Eurostop
- Industry: Technology industry
- Founded: 1990, UK
- Headquarters: Ealing, London, UK
- Area served: United Kingdom, Singapore, China and Hong Kong
- Key people: Richard Loh (Founder and CEO)
- Products: EPoS, Stock Control & Merchandise Management, Fulfilment, Business Intelligence, Tenant Management System
- Website: www.eurostop.com

= Eurostop =

Software companies of the United Kingdom

Eurostop is an international retail technology company that provides point-of-sale (EPOS) and other retail services to retailers in the UK. Eurostop's software is intended for stock control, merchandising, fulfilment, e-commerce and sales management. The company's headquarters are in London, with other offices in Singapore and China.

==History==

Eurostop was founded in the UK in 1990 by current CEO Richard Loh. The company's first product was a stock control system, and in 1994, they expanded to till systems. In 2007, they opened an office in Singapore, and this followed with further offices in Shanghai in 2008, Xiamen, China in 2013, and Hong Kong in 2016.

In 2014, Eurostop released its Estate Manager module intended for larger retailers to monitor the status of their worldwide EPOS systems from a remote dashboard.

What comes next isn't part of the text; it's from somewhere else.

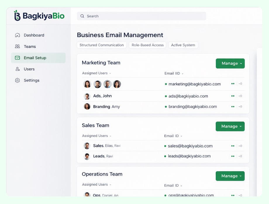 - Business email setup for each team and individual
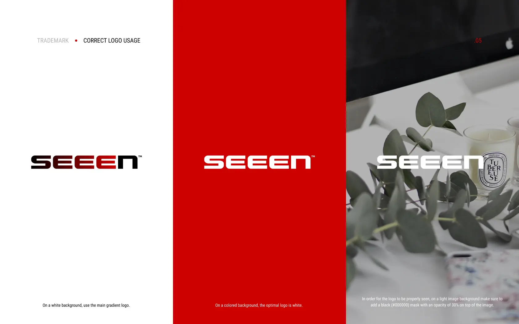 SEEEN previously didn’t have its own defined brand colours, so we set these and explained how these should be used in different contexts and against various backgrounds.

In 2015, Eurostop was awarded Retail Systems Technology Vendor of the Year Award.

==Features==

Eurostop software can be hosted on a retailer's local server or in the cloud. Its products includes e-rmis, a stock control and merchandise management system. and a point of sale product that can be on a fixed till point or tablet. These systems utilise omnichannel retailing.

The company's platform supports integration with other e-commerce platforms, such as Magento.